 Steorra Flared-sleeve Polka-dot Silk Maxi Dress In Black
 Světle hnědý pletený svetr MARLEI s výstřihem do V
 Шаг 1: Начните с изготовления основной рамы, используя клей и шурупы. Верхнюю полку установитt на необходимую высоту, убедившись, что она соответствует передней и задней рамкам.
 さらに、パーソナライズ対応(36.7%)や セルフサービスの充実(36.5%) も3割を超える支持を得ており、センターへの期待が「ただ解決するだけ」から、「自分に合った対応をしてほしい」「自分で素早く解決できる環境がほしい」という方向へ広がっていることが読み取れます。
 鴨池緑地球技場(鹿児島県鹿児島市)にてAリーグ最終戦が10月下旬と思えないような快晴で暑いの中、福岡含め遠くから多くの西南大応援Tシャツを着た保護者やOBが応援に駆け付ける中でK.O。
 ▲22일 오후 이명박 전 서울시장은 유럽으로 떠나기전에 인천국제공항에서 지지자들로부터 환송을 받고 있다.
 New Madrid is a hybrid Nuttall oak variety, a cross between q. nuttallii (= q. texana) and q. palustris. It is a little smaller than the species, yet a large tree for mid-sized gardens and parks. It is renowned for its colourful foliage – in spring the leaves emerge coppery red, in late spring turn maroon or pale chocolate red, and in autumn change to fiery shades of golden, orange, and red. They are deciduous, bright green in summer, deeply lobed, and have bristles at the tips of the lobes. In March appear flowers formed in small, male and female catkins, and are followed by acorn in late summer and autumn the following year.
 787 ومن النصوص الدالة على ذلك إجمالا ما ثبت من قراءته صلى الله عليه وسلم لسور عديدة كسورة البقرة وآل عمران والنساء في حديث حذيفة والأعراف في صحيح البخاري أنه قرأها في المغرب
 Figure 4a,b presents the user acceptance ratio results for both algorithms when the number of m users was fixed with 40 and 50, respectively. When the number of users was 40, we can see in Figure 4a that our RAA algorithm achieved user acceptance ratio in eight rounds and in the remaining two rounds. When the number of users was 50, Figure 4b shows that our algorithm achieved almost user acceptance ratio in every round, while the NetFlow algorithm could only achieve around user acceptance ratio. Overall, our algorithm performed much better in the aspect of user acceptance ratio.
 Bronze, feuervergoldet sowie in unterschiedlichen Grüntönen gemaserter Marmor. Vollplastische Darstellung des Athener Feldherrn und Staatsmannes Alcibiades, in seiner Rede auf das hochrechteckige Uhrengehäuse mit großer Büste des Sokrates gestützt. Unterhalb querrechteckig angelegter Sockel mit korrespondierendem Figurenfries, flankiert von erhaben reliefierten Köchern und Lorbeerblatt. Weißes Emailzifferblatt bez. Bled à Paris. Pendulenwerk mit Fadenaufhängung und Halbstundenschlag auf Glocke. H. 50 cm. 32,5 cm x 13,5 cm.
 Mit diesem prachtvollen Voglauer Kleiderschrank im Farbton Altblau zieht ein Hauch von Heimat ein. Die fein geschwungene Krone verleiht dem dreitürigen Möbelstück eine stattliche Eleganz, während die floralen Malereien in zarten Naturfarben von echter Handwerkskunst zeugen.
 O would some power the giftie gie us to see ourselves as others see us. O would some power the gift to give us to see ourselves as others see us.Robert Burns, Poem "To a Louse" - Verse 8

☆ ☆ ☆ ☆ ☆ ☆ ☆

■ **Required action**:
Could you set down, exactly as written, the lines above between the one holding "Světle hnědý pletený" and the one holding "지지자들로부터 환송을 받고 있다.", inclusive, and nothing more?

■ **Response to the task**:
 Světle hnědý pletený svetr MARLEI s výstřihem do V
 Шаг 1: Начните с изготовления основной рамы, используя клей и шурупы. Верхнюю полку установитt на необходимую высоту, убедившись, что она соответствует передней и задней рамкам.
 さらに、パーソナライズ対応(36.7%)や セルフサービスの充実(36.5%) も3割を超える支持を得ており、センターへの期待が「ただ解決するだけ」から、「自分に合った対応をしてほしい」「自分で素早く解決できる環境がほしい」という方向へ広がっていることが読み取れます。
 鴨池緑地球技場(鹿児島県鹿児島市)にてAリーグ最終戦が10月下旬と思えないような快晴で暑いの中、福岡含め遠くから多くの西南大応援Tシャツを着た保護者やOBが応援に駆け付ける中でK.O。
 ▲22일 오후 이명박 전 서울시장은 유럽으로 떠나기전에 인천국제공항에서 지지자들로부터 환송을 받고 있다.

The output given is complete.